Ce «geyser désintégrateur», comme ils l’appellent, jaillit du centre de la galaxie et pourrait constituer la preuve que cette zone est constituée d’étoiles en pleine explosion et de vents tourbillonnant autour d’un trou noir. Il serait formé de gaz chauds nés de la désintégration de particules de matière et d’antimatière qui se heurtent dans cette région de l’espace, estiment les scientifiques.
On s’attendait à trouver des particules d’antimatière et de matière en conflit en périphérie de la Voie lactée, comme là où se trouve notre Soleil et son système planétaire, mais jamais gisement d’antimatière n’avait encore été détecté au cœur de la galaxie.
Pour localiser ce «jaillissement», les scientifiques ont eu recours à des données transmises par le téléscope spatial à rayons gamma Compton, lancé par la Nasa en 1991. Contrairement au téléscope spatiale Hubble, qui observe en lumière visible, l’observatoire Compton traque dans l’espace les rayons gamma — particules de lumière à bien plus forte énergie.
Le centre de la Voie lactée se trouve à environ 25.000 années- lumière de la terre et ne peut être observé avec des téléscopes «normaux» en raison des gaz et poussières divers qui font écran. Cependant, les rayons gamma peuvent «voir» à travers ces nuages de gaz et poussières, jusqu’au cœur de notre galaxie.
Les rayons gamma, qui concentrent 250.000 fois plus d’énergie que les rayons de lumière visibles par l’homme, sont produits par la collision antimatière/matière.
Trou noir
On pense que l’antimatière est denrée relativement rare dans l’univers, parce que chaque fois qu’elle se confronte à la matière, il y a phénomène d’annihilation et production de rayons gamma, et que la matière est beaucoup plus abondante.
Les astronomes qui observent le cœur de la Voie lactée se demandent d’où provient l’antimatière qui alimente le geyser détecté; cela fait actuellement l’objet de débats à un symposium à Williamsburg, en Virginie.

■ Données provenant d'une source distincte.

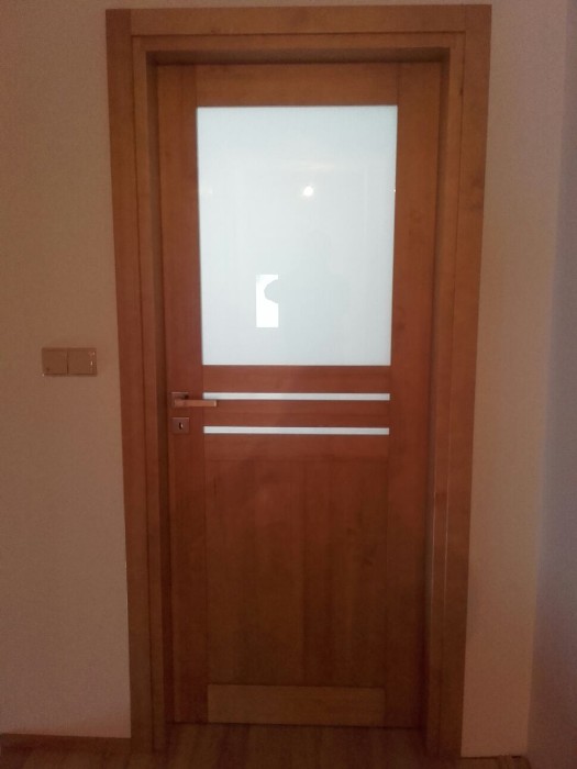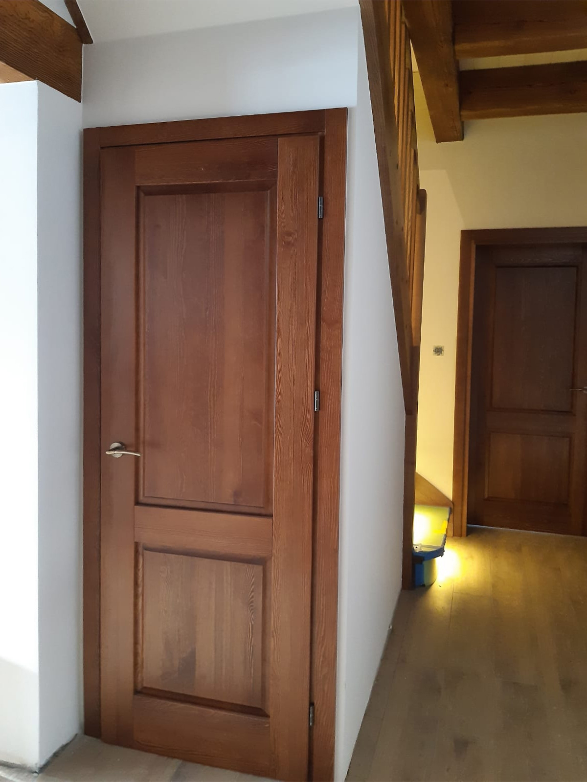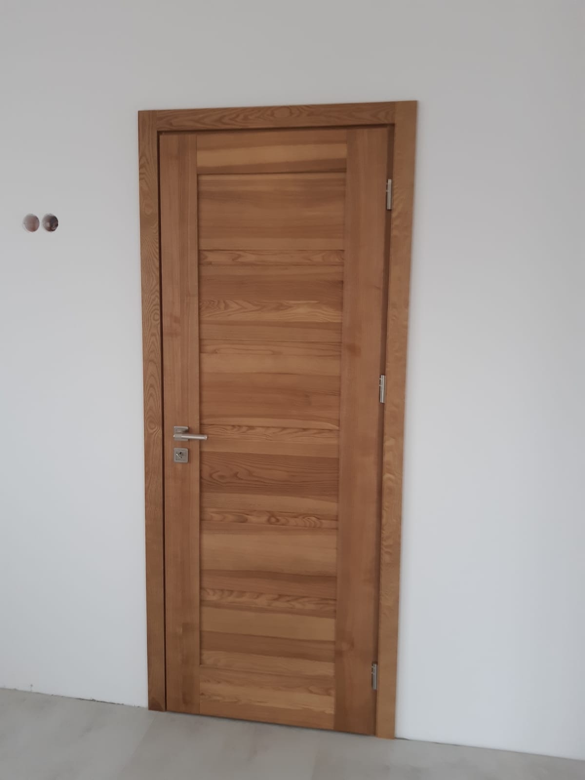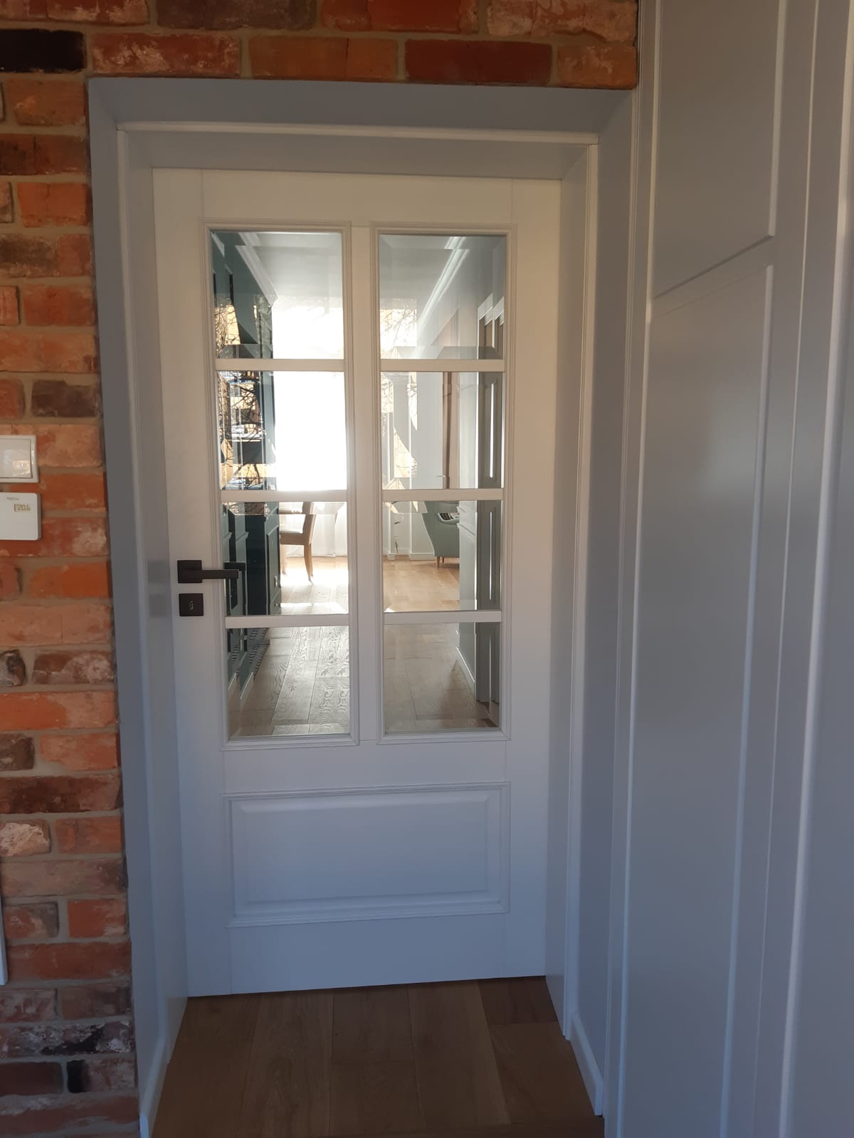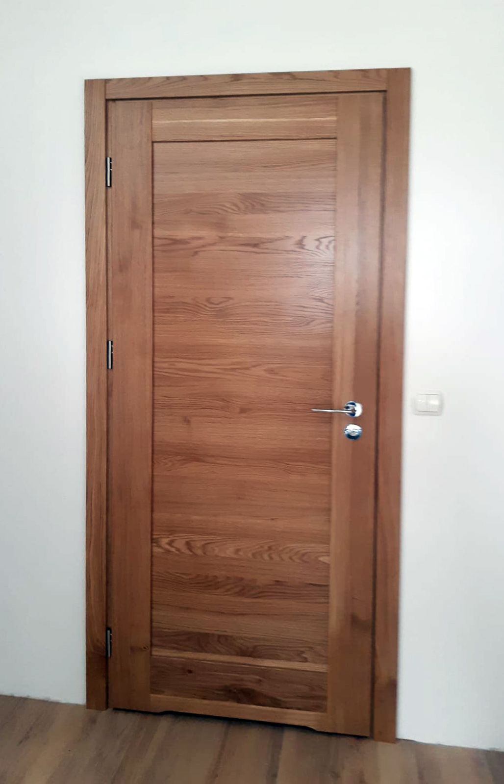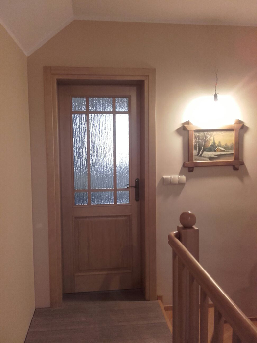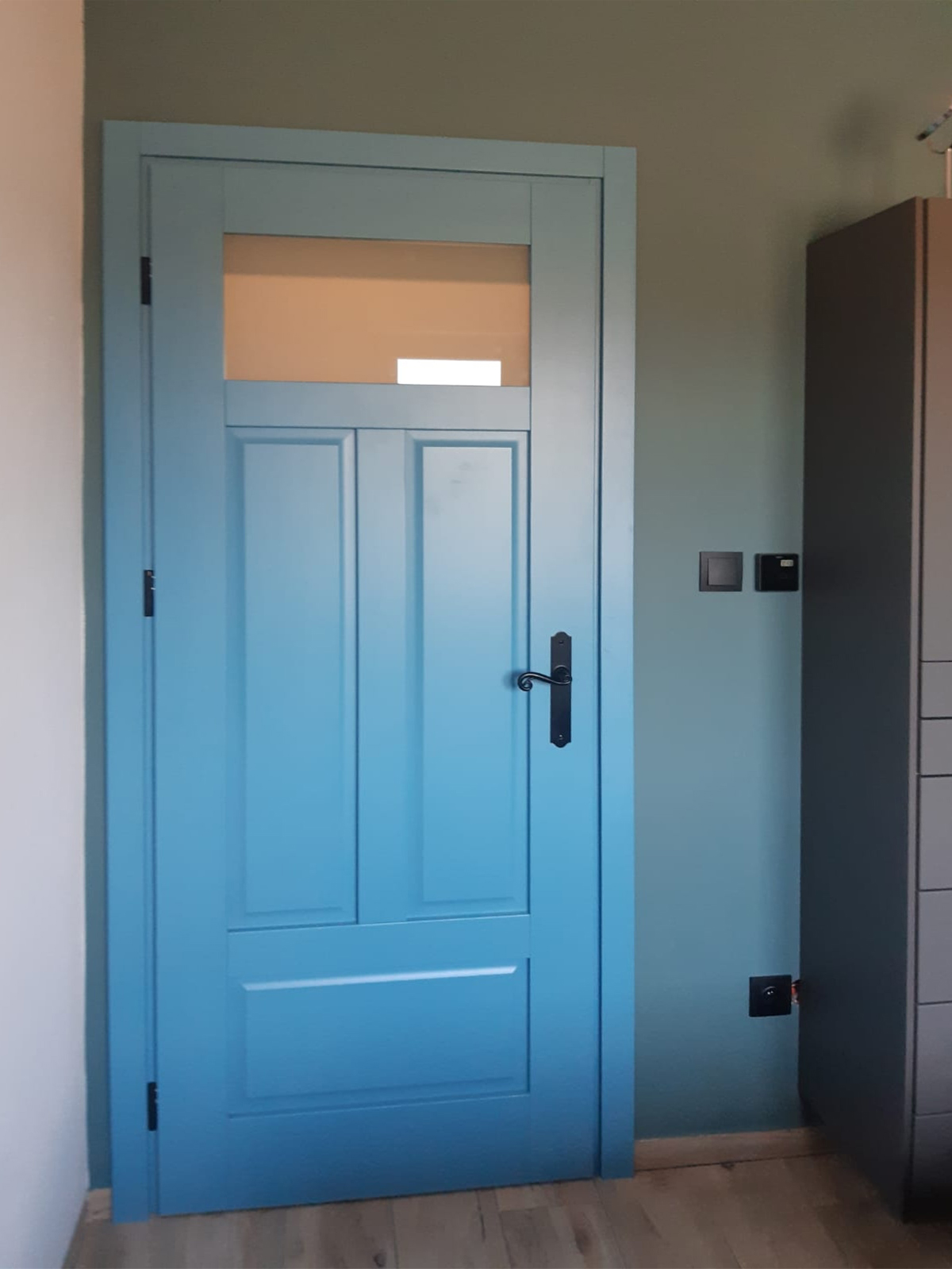 Drzwi drewniane wewnętrzne wykonujemy z drewna klejonego: sosnowego, jesionowego lub dębowego. Wzór dowolny, według wizji klienta. Do produkcji drzwi z szybą używamy szkła mlecznego, hartowanego, fazowanego, piaskowanego.

«A mon avis, il règne une activité bouillonnante qui crée des nuages de gaz chauds au centre de notre galaxie», a déclaré lors d’une conférence de presse Charles Dermer, chercheur au Laboratoire de recherches navales à Washington.
«C’est le centre-ville de notre galaxie. Nous vivons dans une banlieue relativement calme», explique-t-il.
Mais Dermer est en désaccord avec d’autres scientifiques quant à la nature du «geyser» d’où fuse l’antimatière. Selon lui, et selon certains de ses collègues, il pourrait s’agir d’un «bûcher funéraire» d’étoiles mortes, qui brûlent depuis 100.000 ans à un million d’années-lumière.
Autre hypothèse évoquée comme source d’antimatière, l’immense trou noir qui se trouverait lui aussi au cœur de la Voie lactée, et qui pourrait cracher des salves d’antimatière. Un autre trou noir, plus petit, appelé emphatiquement le «Grand annihilateur», pourrait lui aussi cracher de l’antimatière.
Le geyser localisé se trouve à 3.500 années-lumière au-dessus du centre de la galaxie et son diamètre mesure la bagatelle de 4.000 années-lumière.